» Problem requirements:
When writing out the entries below, keep only the lines from the line with "GE 奇異 18KG 消毒循環滾筒式乾衣機-瓦斯型" to the line with "- Кухня оборудованная", both included, exactly as they are, and leave the pictures aside.

» Supplied records:
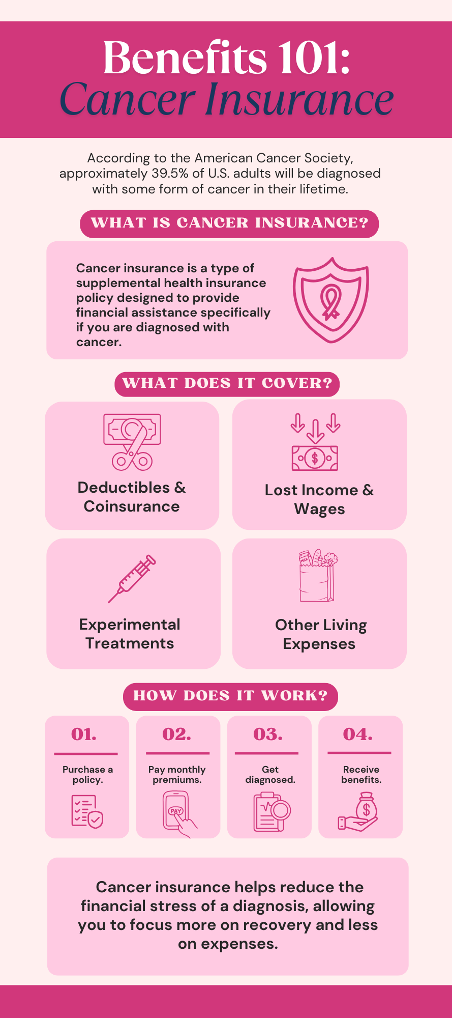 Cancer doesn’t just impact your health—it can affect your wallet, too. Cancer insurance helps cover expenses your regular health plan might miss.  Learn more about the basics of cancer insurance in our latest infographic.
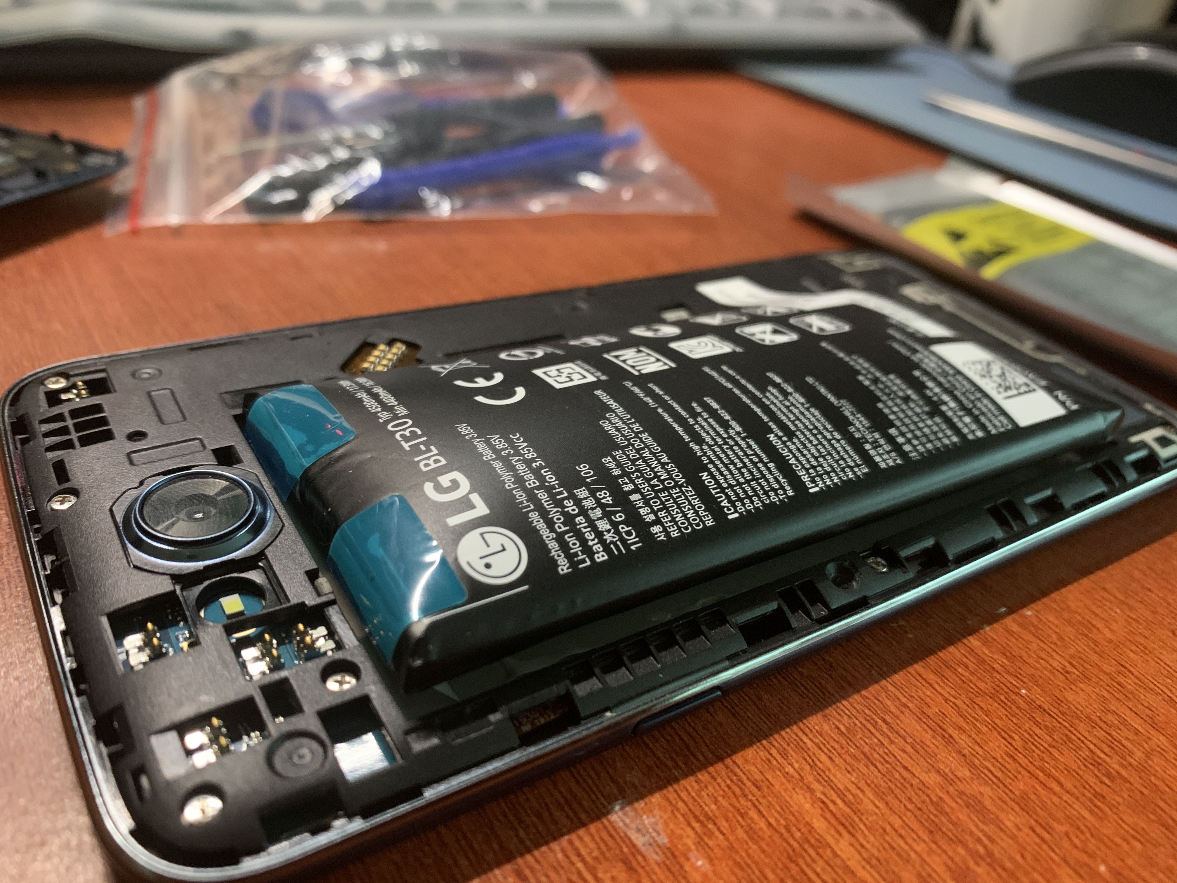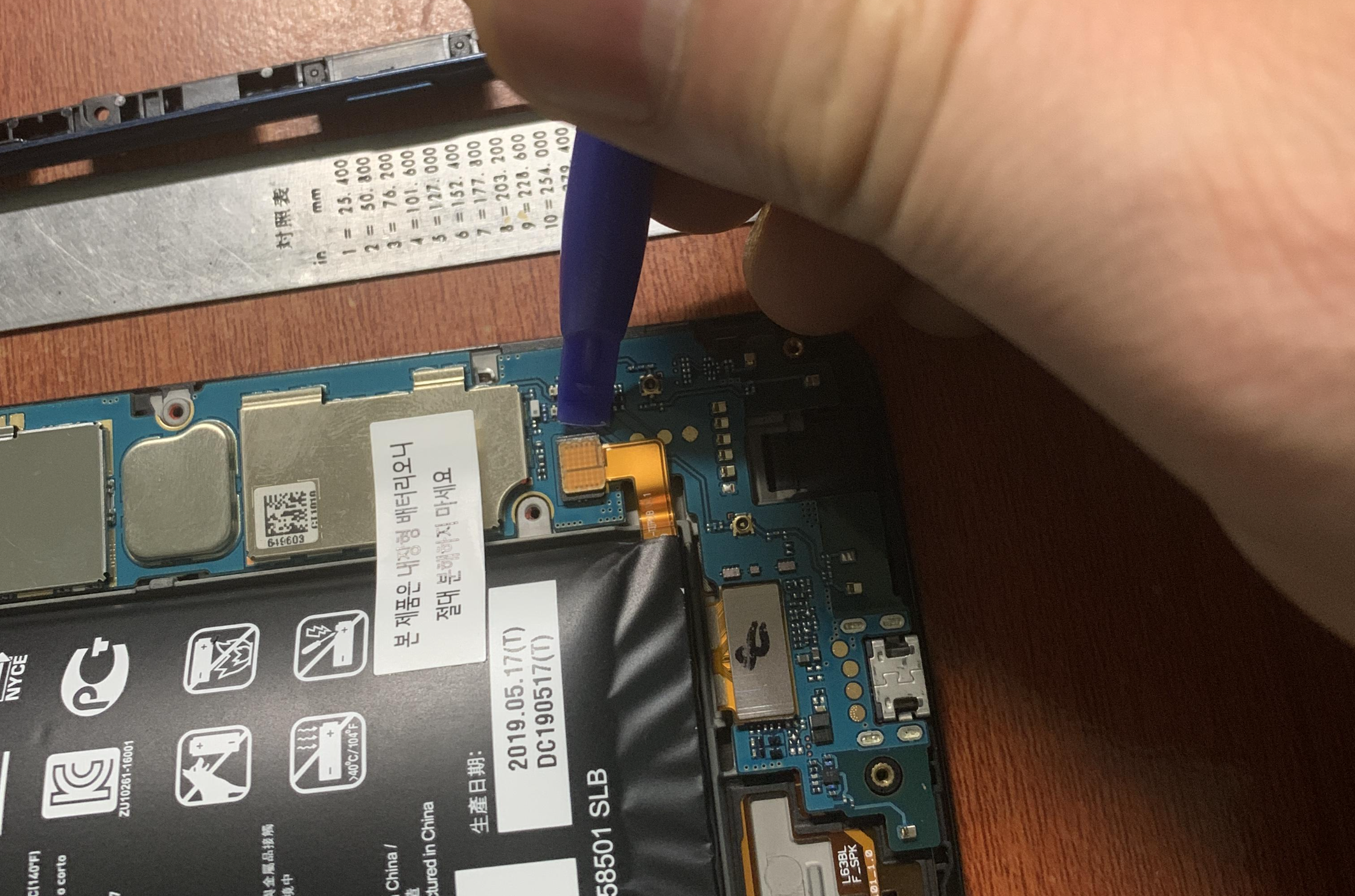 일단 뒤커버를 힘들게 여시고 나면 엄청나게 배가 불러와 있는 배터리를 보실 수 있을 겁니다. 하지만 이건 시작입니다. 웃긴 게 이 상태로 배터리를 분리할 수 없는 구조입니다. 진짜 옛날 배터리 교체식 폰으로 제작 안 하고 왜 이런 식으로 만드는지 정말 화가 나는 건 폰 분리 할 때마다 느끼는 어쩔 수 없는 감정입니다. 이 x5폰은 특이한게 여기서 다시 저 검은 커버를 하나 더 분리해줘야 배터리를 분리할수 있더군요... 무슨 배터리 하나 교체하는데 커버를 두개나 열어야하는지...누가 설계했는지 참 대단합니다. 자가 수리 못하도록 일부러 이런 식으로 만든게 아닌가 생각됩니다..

...

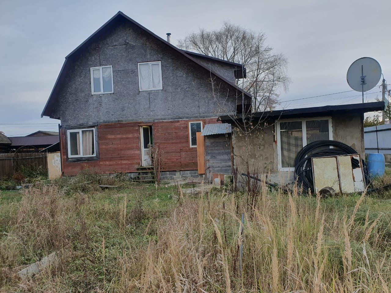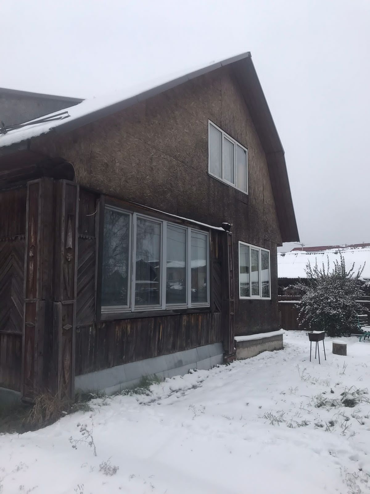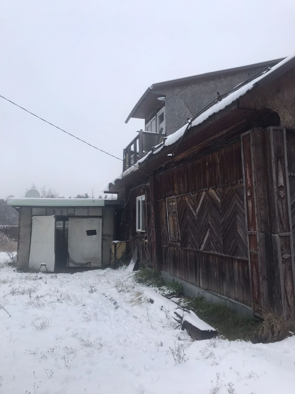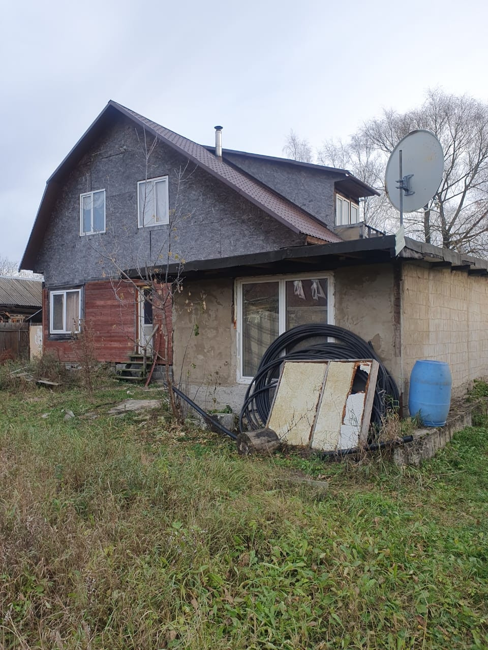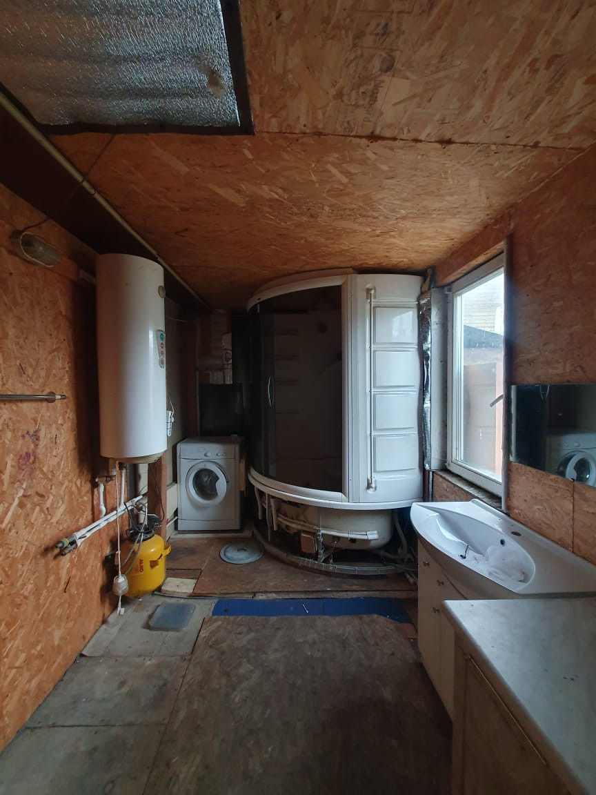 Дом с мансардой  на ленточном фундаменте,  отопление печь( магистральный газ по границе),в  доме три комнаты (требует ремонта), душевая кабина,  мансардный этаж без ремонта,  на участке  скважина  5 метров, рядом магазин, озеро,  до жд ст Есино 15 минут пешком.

--

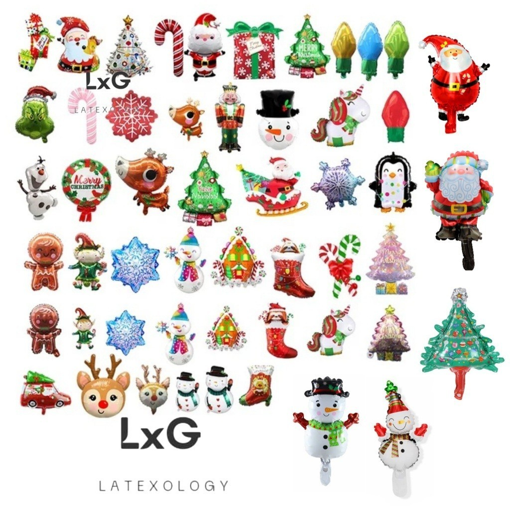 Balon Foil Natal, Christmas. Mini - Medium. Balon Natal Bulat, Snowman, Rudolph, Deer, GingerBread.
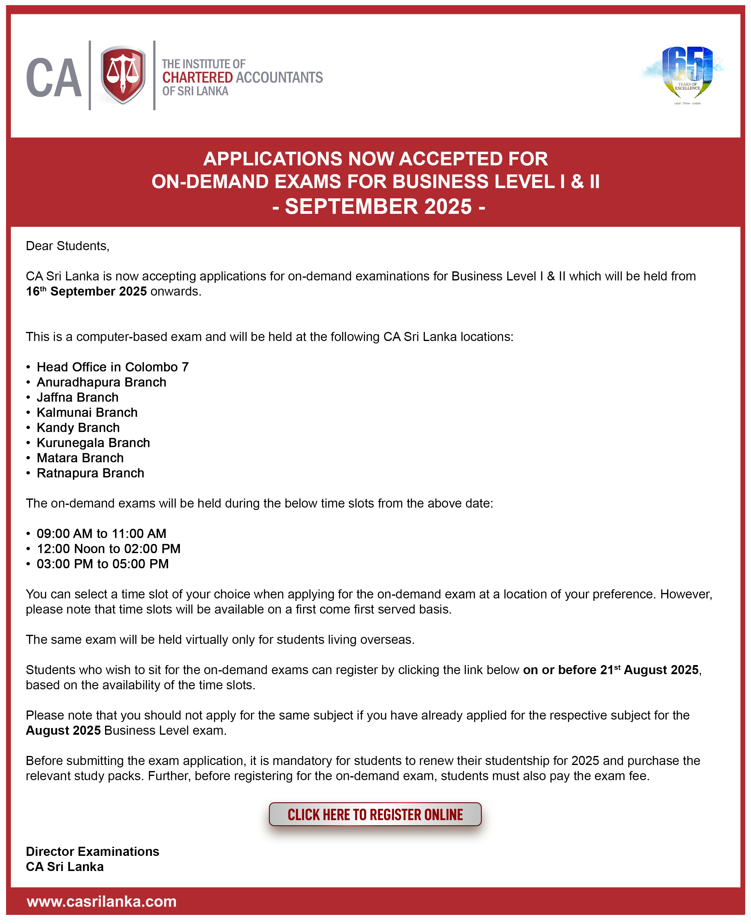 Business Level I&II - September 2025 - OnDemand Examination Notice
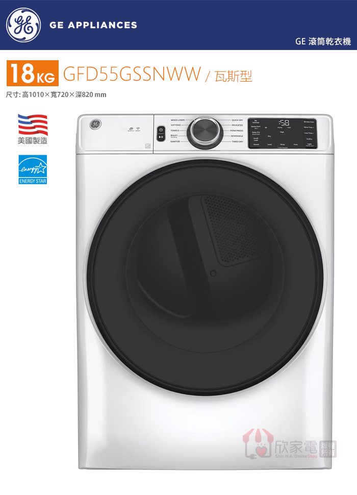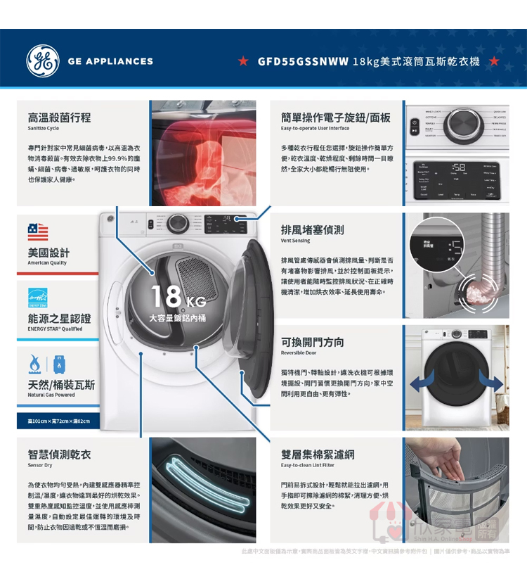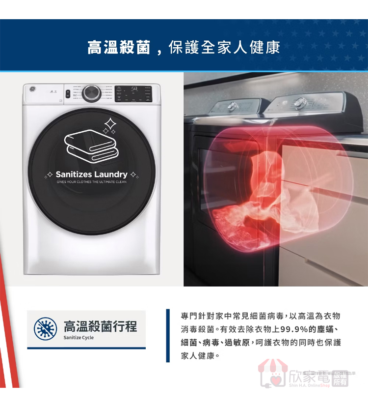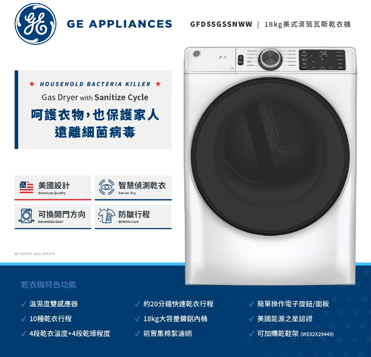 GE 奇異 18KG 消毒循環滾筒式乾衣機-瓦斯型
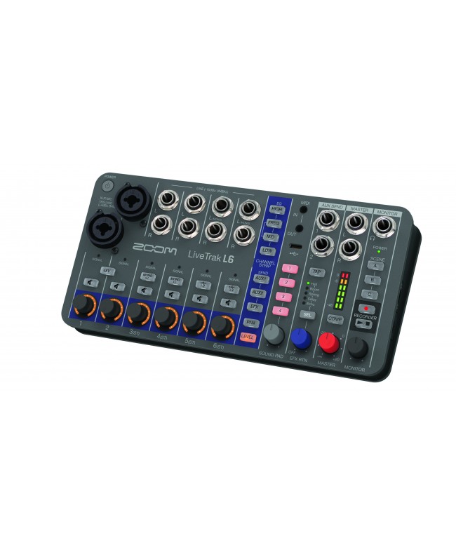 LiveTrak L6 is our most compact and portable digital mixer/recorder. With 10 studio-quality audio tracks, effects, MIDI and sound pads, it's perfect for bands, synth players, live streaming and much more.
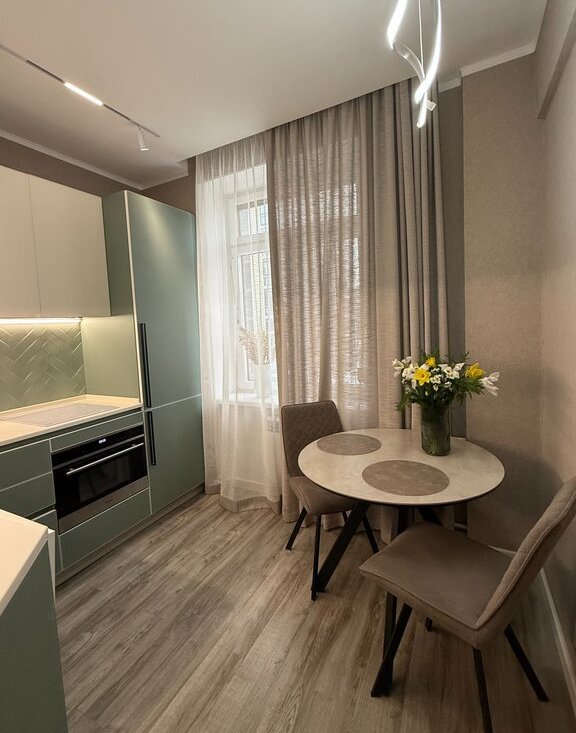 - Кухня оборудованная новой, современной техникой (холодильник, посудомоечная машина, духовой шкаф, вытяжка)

» Response below:
 GE 奇異 18KG 消毒循環滾筒式乾衣機-瓦斯型
 LiveTrak L6 is our most compact and portable digital mixer/recorder. With 10 studio-quality audio tracks, effects, MIDI and sound pads, it's perfect for bands, synth players, live streaming and much more.
 - Кухня оборудованная новой, современной техникой (холодильник, посудомоечная машина, духовой шкаф, вытяжка)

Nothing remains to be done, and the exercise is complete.